- **ASSIGNED TASK**
Write out the whole listing without a single alteration.

- **RECORDS SHOWN**
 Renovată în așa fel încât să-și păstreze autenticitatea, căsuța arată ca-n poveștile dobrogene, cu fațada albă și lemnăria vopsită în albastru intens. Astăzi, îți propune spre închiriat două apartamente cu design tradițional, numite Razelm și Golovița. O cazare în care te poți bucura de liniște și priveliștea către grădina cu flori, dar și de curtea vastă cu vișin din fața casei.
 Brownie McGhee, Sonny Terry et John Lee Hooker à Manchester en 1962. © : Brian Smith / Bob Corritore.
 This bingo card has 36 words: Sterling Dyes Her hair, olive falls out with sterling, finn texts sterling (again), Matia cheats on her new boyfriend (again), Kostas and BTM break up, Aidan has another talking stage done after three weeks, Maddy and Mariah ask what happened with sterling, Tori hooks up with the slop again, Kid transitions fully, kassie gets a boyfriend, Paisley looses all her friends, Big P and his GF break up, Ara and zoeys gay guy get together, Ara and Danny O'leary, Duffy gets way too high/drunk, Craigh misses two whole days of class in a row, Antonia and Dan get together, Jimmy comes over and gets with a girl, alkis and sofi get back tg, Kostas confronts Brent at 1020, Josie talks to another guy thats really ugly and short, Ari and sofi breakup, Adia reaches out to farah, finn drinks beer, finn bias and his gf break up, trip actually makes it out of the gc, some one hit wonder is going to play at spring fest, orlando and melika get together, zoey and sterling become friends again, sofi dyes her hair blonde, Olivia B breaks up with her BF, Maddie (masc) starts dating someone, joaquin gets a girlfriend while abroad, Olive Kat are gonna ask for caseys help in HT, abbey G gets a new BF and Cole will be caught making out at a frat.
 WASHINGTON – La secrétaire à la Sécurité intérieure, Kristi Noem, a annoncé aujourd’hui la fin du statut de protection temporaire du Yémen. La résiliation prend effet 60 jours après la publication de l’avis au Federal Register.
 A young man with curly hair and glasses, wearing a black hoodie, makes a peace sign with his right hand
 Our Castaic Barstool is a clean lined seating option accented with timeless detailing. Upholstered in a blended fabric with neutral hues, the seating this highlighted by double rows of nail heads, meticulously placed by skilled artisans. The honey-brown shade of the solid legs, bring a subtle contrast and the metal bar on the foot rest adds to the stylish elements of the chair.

- **WRITTEN RESPONSE**
 Renovată în așa fel încât să-și păstreze autenticitatea, căsuța arată ca-n poveștile dobrogene, cu fațada albă și lemnăria vopsită în albastru intens. Astăzi, îți propune spre închiriat două apartamente cu design tradițional, numite Razelm și Golovița. O cazare în care te poți bucura de liniște și priveliștea către grădina cu flori, dar și de curtea vastă cu vișin din fața casei.
 Brownie McGhee, Sonny Terry et John Lee Hooker à Manchester en 1962. © : Brian Smith / Bob Corritore.
 This bingo card has 36 words: Sterling Dyes Her hair, olive falls out with sterling, finn texts sterling (again), Matia cheats on her new boyfriend (again), Kostas and BTM break up, Aidan has another talking stage done after three weeks, Maddy and Mariah ask what happened with sterling, Tori hooks up with the slop again, Kid transitions fully, kassie gets a boyfriend, Paisley looses all her friends, Big P and his GF break up, Ara and zoeys gay guy get together, Ara and Danny O'leary, Duffy gets way too high/drunk, Craigh misses two whole days of class in a row, Antonia and Dan get together, Jimmy comes over and gets with a girl, alkis and sofi get back tg, Kostas confronts Brent at 1020, Josie talks to another guy thats really ugly and short, Ari and sofi breakup, Adia reaches out to farah, finn drinks beer, finn bias and his gf break up, trip actually makes it out of the gc, some one hit wonder is going to play at spring fest, orlando and melika get together, zoey and sterling become friends again, sofi dyes her hair blonde, Olivia B breaks up with her BF, Maddie (masc) starts dating someone, joaquin gets a girlfriend while abroad, Olive Kat are gonna ask for caseys help in HT, abbey G gets a new BF and Cole will be caught making out at a frat.
 WASHINGTON – La secrétaire à la Sécurité intérieure, Kristi Noem, a annoncé aujourd’hui la fin du statut de protection temporaire du Yémen. La résiliation prend effet 60 jours après la publication de l’avis au Federal Register.
 A young man with curly hair and glasses, wearing a black hoodie, makes a peace sign with his right hand
 Our Castaic Barstool is a clean lined seating option accented with timeless detailing. Upholstered in a blended fabric with neutral hues, the seating this highlighted by double rows of nail heads, meticulously placed by skilled artisans. The honey-brown shade of the solid legs, bring a subtle contrast and the metal bar on the foot rest adds to the stylish elements of the chair.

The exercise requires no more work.